Task material: Begin
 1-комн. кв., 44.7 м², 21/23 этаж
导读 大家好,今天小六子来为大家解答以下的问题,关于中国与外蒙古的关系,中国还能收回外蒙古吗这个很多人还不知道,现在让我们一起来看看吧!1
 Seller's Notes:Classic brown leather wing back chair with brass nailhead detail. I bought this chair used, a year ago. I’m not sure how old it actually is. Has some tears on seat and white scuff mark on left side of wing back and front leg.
Task material: End
Task material: Begin
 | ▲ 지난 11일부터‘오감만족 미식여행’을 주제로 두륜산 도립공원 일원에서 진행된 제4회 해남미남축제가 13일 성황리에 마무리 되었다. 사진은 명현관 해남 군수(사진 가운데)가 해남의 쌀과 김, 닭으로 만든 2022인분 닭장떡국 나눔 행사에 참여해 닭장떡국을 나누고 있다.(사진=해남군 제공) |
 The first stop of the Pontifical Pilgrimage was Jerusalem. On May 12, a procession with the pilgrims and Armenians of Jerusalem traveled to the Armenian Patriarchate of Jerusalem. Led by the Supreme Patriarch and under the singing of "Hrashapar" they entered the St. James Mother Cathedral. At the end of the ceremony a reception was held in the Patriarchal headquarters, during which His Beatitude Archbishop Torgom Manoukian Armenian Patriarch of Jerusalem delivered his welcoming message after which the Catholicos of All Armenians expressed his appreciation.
Task material: End
*Task requirements:* Of the lines above, retype only those from the line containing "1-комн. кв., 44.7 м², 21/23 этаж" through the line containing "导读 大家好,今天小六子来为", including both, exactly.

*Exercise solution:*
 1-комн. кв., 44.7 м², 21/23 этаж
导读 大家好,今天小六子来为大家解答以下的问题,关于中国与外蒙古的关系,中国还能收回外蒙古吗这个很多人还不知道,现在让我们一起来看看吧!1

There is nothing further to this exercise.